Hi list
after updating my Ubuntu VMs today to the newwest update i encouter massive livestatus timeout errors.
At first i thought this might have been the Checkmk update from p16 to p17 but it seems not.
I run a 4 VM setup, all Ubuntu 18.04LTS with a distributed setup. After updating to 4.15.0-115-generic #116-Ubuntu SMP Wed Aug 26 14:04:49 UTC 2020 x86_64 x86_64 x86_64 GNU/Linux
(thats what uname -a says) today the biggest two of the slaves encounter much livestatus timeouts.
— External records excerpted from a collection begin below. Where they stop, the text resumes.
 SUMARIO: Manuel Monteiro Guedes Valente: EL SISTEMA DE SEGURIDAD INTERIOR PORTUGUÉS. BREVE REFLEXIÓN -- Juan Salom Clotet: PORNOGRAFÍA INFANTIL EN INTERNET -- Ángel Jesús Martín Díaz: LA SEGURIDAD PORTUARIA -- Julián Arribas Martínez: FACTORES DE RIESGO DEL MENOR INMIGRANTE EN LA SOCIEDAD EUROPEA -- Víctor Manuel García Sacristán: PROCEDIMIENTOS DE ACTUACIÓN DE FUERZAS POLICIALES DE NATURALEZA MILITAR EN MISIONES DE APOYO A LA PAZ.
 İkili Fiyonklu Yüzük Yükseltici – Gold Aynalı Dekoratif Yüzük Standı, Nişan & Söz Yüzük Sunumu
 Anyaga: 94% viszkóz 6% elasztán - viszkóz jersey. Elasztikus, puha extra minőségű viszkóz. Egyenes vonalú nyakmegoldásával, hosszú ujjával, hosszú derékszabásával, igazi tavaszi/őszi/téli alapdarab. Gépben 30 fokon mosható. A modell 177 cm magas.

The livestatus.log on the master reads lots of [cmk.liveproxyd.(14909).Site(<lavename>).Client(17)] Cannot send error message to client: [Errno 9] Bad file descriptor
and also often [Livestatus error: (‘_ssl.c:711: The handshake operation timed out’,).
] similar to [Livestatus error: ('_ssl.c:711: The handshake operation timed out',). The encryption settings are probably wrong."].
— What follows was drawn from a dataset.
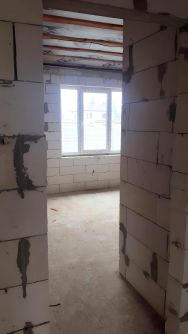 Фундамент - монолитная плита. Материал стен - газобетон. Стены снаружи утеплены пенопластом и оштукатурены. Оконные и входные дверные проёмы - металлопластиковые. Чердачные перекрытия - деревянные лаги. Крыша - металлочерепица. Состояние внутренней отделки - "без отделки" после строителей.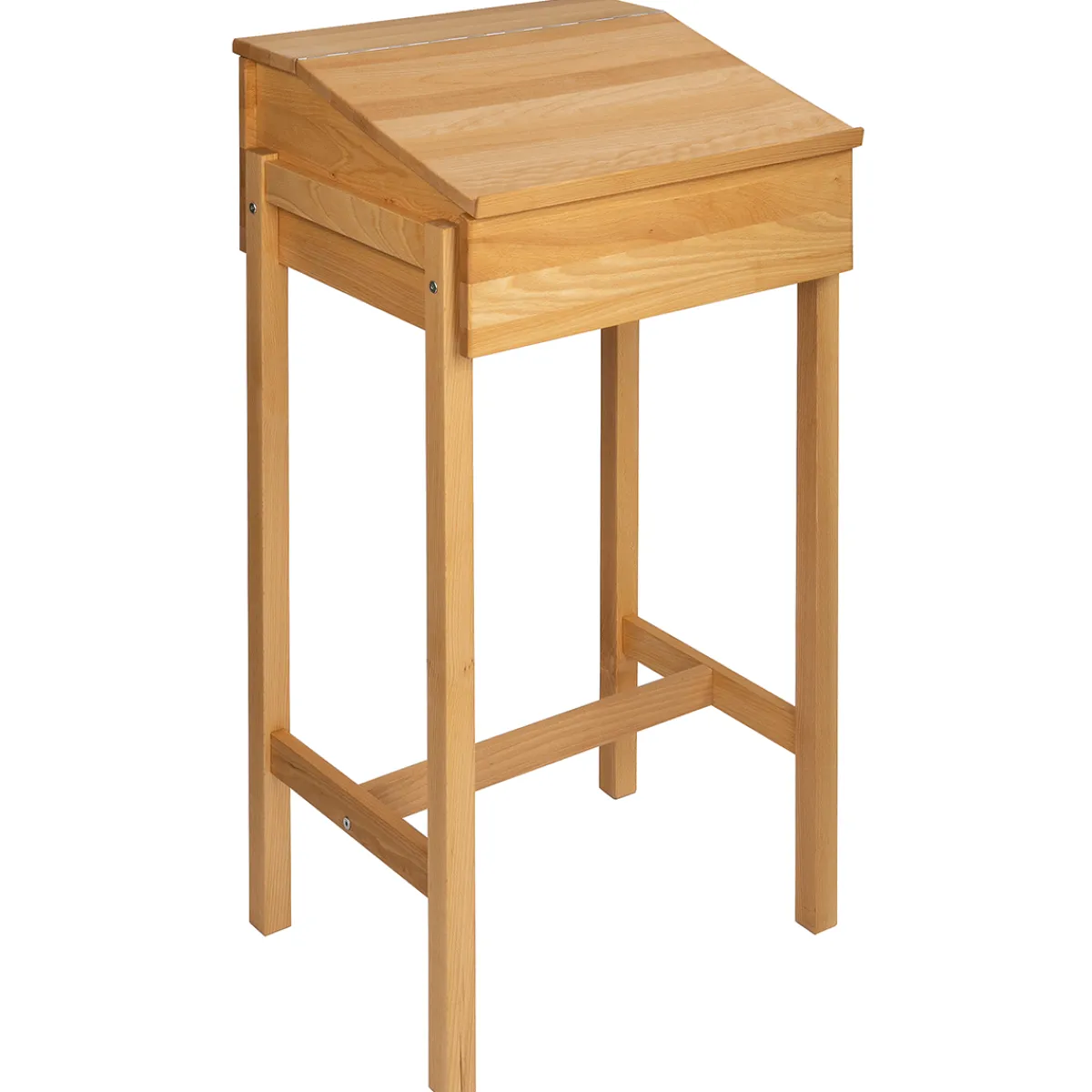 Schlicht, stabil und handgefertigt: Dieses Stehpult haben wir exklusiv für Sie von versierten polnischen Tischlern herstellen lassen. Der aus massivem Buchenholz gefertigte Arbeitstisch eignet sich auch bestens als exquisites Rednerpult. Sie können den Stehtisch in einem Büro, zu Hause im Wohnraum oder in einem Veranstaltungssaal platzieren. Lesen Sie daran, schreiben Sie oder halten Sie eine Ansprache – das Arbeiten im Stehen ist ohnehin eine gesunde Alternative zum vielen Sitzen. Früher haben Gelehrte, Wissenschaftler, Kulturschaffende und Forscher häufig an Stehtischen gearbeitet und ihre klugen Texte verfasst und redigiert. Das schlichte, fein geölte Holzpult kann sowohl an einer Wand, aber auch sehr gut mitten im Raum stehen. Dank der schmalen Holzleiste unten an der großen Schreibfläche (60 x 39 cm) bleiben Bücher und Dokumente an Ort und Stelle liegen. Oberhalb der schrägen Platte schließt sich eine flache Ablage (60 x 15,5 cm) an, auf der Sie Stifte, Schreibutensilien und ein Wasserglas abstellen können. Das Pult besteht aus einem Kasten mit Klappdeckel sowie zwei stabilen Beingestellen, die Sie lediglich mit den mitgelieferten sechs Schrauben und dem Sechskantschlüssel verbinden müssen. Unter dem Klappdeckel befindet sich ein 52 x 47 cm großes Fach, in dem Sie Papiere, Unterlagen, Schreibtischzubehör und anderes lagern können. Der Klappdeckel kann dank eines Scharniers offen stehen. Bei diesem Stehpult wurde eindeutig das Schöne mit dem Praktischen verbunden!

Also when i log onto the slaves directly i get empty dashboards with
Cannot connect to 'unix:/omd/sites/INFMON01_2/tmp/run/live': [Errno 11] Resource temporarily unavailable
After fiddling around with downgrade to p16/update o p17 and vice versa and stuff i came up to disable the slaves’ TLS encryption for the connection and changing the livestatus proxy settings a little and enabling ht setting “Use persistent connection” in the slaves’ connection setup.
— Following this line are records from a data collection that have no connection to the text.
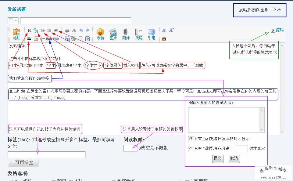 各个标签功能,大家可以在发帖的时候测试!具体标记如下: 点击图片可以放大查看 阅读全文>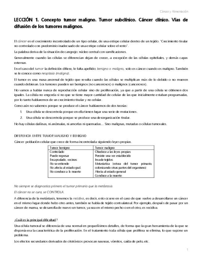 Apuntes Cáncer y Alimentación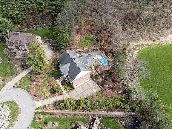 A Real Show Stopper! Pure Elegance! Incredible design features & quality construction is unmatched! Over 3 story Colonial 5 Bedroom Brick Home nestled on a quiet cul-de-sac in Peters Twp. Entry w/Wedding Staircase w/iron spindles, crown moldings, Gorgeous Hickory Hand Scrapped Hard Wd Flooring throughout most of the Main Level, Banquet Sized Elegant Dining Room, Spacious Living Room, Stately Den w/built-in shelving & Boxed Beamed Ceiling, Stunning Kitchen w/Custom Cabinetry, Quartz Island & Counter Tops, Walk-In Pantry, Vaulted Breakfast Room w/Wood Beams, Miele Expresso Bar, Viking 5 Burner Gas Cooktop, Main Lvl Laundry Rm w/custom cabinetry. Sunken Family Rm w/Gas Fireplace & Opens to 18x20 Covered Rear Patio & Private Beautiful Fenced Pool area w/Stone Fireplace, Gorgeous Pool w/water fall features. Master Suite is Breathtaking! All spacious Bedrooms, 3rd Floor Exercise Rm & Full Bathrm. Finished Game Rm w/Stacked Stone Fireplace, Wine Rm, Bar, 3 Car 32x23 Garage w/17x21 Storage Rm.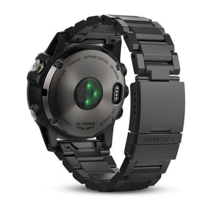 Для виготовлення авіаційного смарт годинника D2 Charlie застосовувались преміум матеріали. Титановий безель пристрою має алмазоподібне карбонове покриття, а сам пристрій доступний в двох преміальний версіях: з вінтажним шкіряним ремінцем та рифленим титановим браслетом класу люкс. Кожна з моделей має яскравий, кольоровий дисплей Garmin Chroma з високою роздільною здатністю та LED-підсвіткою. Такий дисплей забезпечує неперевершену видимість в умовах будь-якого освітлення. З метою додаткової стійкості до подряпин в обох версіях використовується високоміцна куполоподібна сапфірова лінза. Змінні ремінці QuickFit (купуються окремо) дозволяють вмить змінити дизайн вашого годинника згідно з ситуацією – будь то тренування, похід у гори або ділова зустріч. Завантажуйте безкоштовні циферблати, фотографії, додатки та поля даних з нашого онлайн магазину Connect IQ та ще більше персоналізуйте свій аксесуар.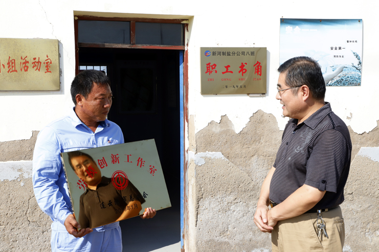 8月22日下午,市總工會(huì)副主席陳健一行到工投集團(tuán)日曬制鹽公司,為連云港市勞動(dòng)模范祝星星“勞模創(chuàng)新工作室”授牌。
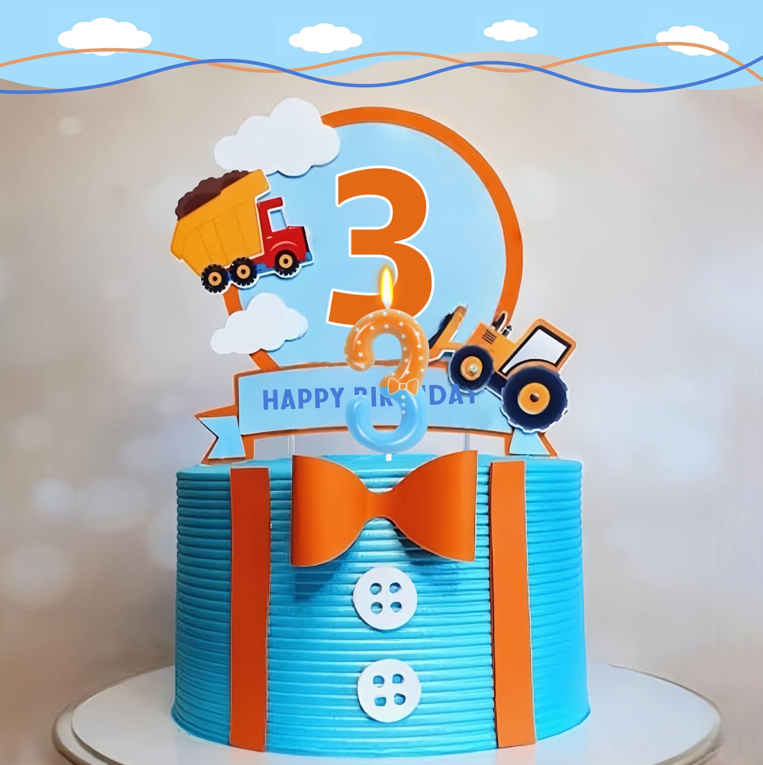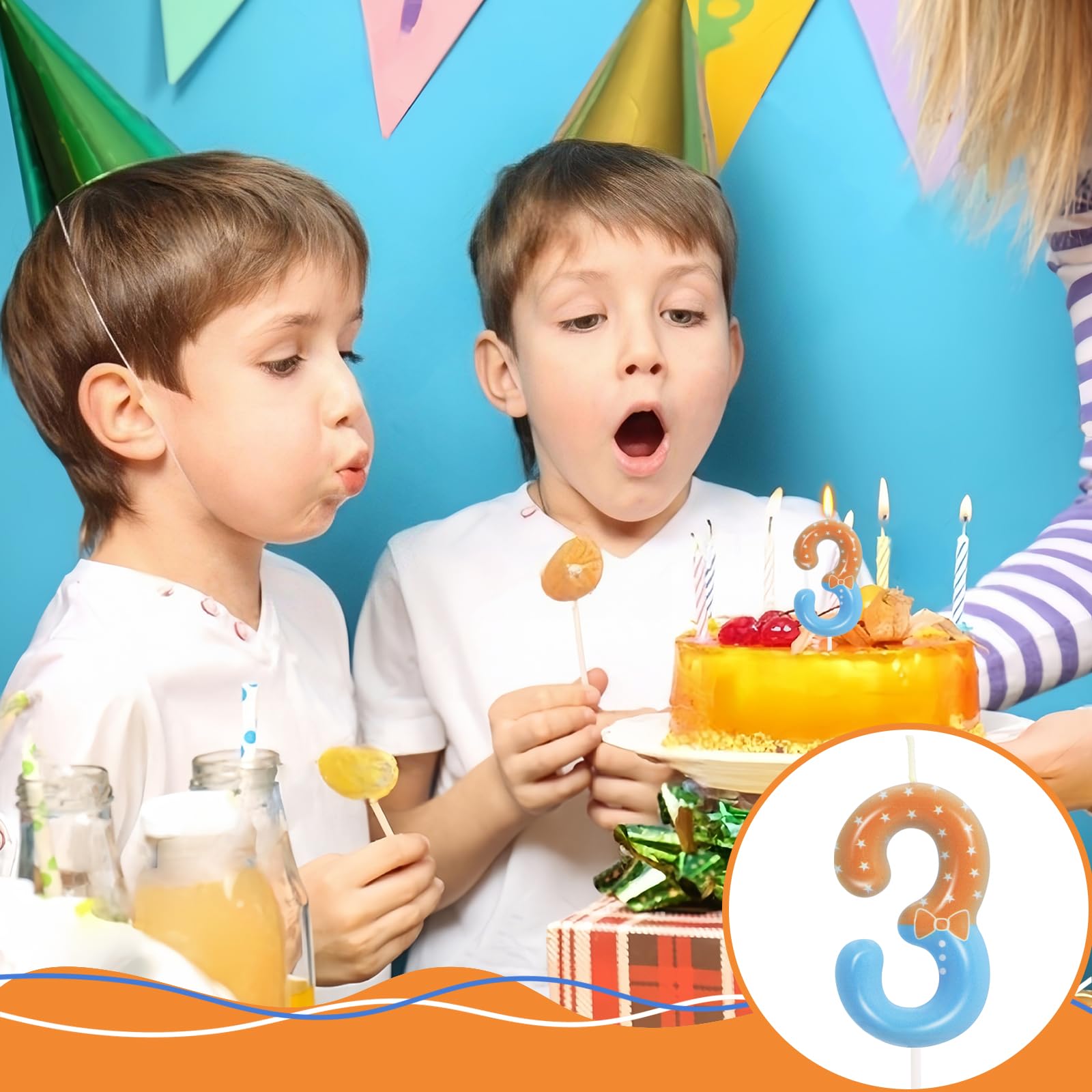 Product Design: Vibrant orange & blue number candles with playful star patterns! Perfect for fun-filled cartoon birthday celebrations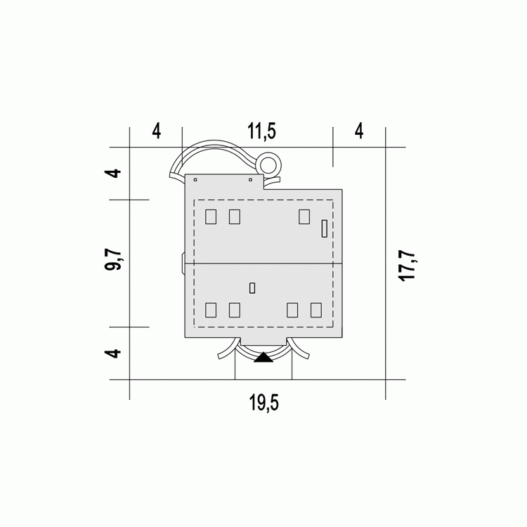 - Minimalne wymiary działki17.7 x 19.5m

Still i get a lot of these on the master:
2020-09-02 10:24:05,932 [40] [cmk.liveproxyd.(544).Site(<sitename>).Client(22)] Cannot send error message to client: [Errno 32] Broken pipe 2020-09-02 10:24:37,675 [40] [cmk.liveproxyd.(544).Site(<sitename>).Client(27)] Cannot send error message to client: [Errno 32] Broken pipe 2020-09-02 10:24:37,786 [40] [cmk.liveproxyd.(544).Site(<sitename>).Thread(Thread-12).Channel(12)] Channel failed Traceback (most recent call last): File "/omd/sites/INFMON01/lib/python/cmk/cee/liveproxy/Channel.py", line 174, in _execute answer = self._get_livestatus_response() File "/omd/sites/INFMON01/lib/python/cmk/cee/liveproxy/Channel.py", line 337, in _get_livestatus_response header = self._receive_data(16, self._site.query_timeout()) File "/omd/sites/INFMON01/lib/python/cmk/cee/liveproxy/Channel.py", line 385, in _receive_data raise Exception("Remote Site Query timeout") Exception: Remote Site Query timeout
BR Thomas